[Exercise objective]
From the line containing "The classroom was" down to the last line of the listing, quote everything word for word, and nothing else, keeping pictures out.

[Given material]
=== Begin Enclosure ===
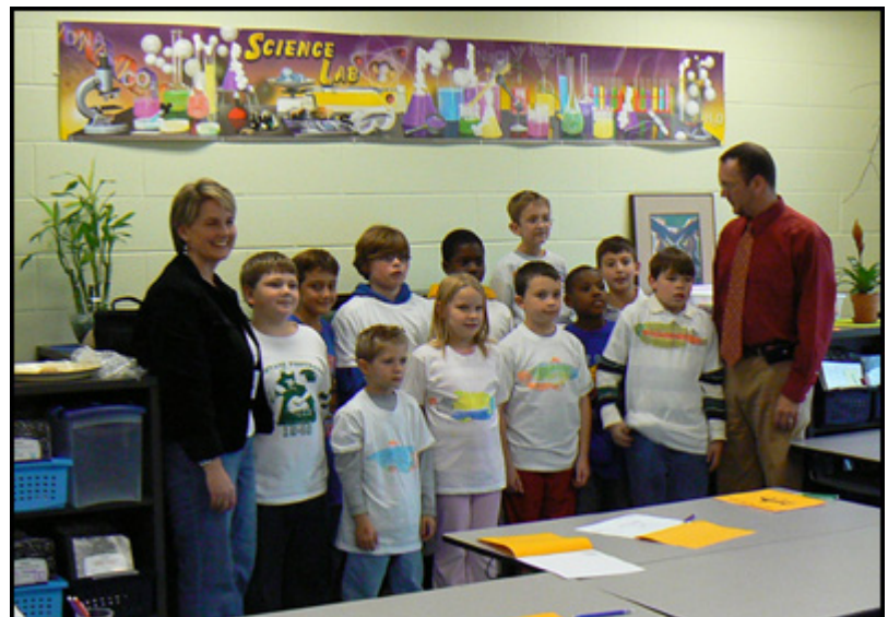
Mrs. Fehr's Science Class at Liberty Elementary School—the TIC kids!

The classroom was filled with anticipation as the cooler was delivered to its place atop the newly constructed trout stools next to the aquarium. As the children took their places in chairs along the front row, parents with cameras crowded in behind awaiting the big reveal.
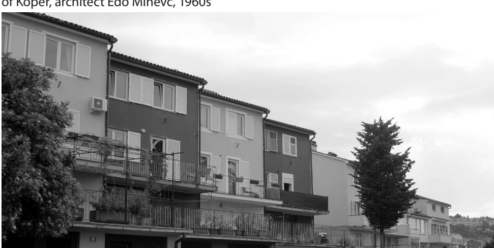
Fig. 5: View of the streets in the new neighbourhood of Semedela on the outskirts of Koper, architect Edo Mihevc, 1960s
=== End Enclosure ===
[Task answer]
The classroom was filled with anticipation as the cooler was delivered to its place atop the newly constructed trout stools next to the aquarium. As the children took their places in chairs along the front row, parents with cameras crowded in behind awaiting the big reveal.
Fig. 5: View of the streets in the new neighbourhood of Semedela on the outskirts of Koper, architect Edo Mihevc, 1960s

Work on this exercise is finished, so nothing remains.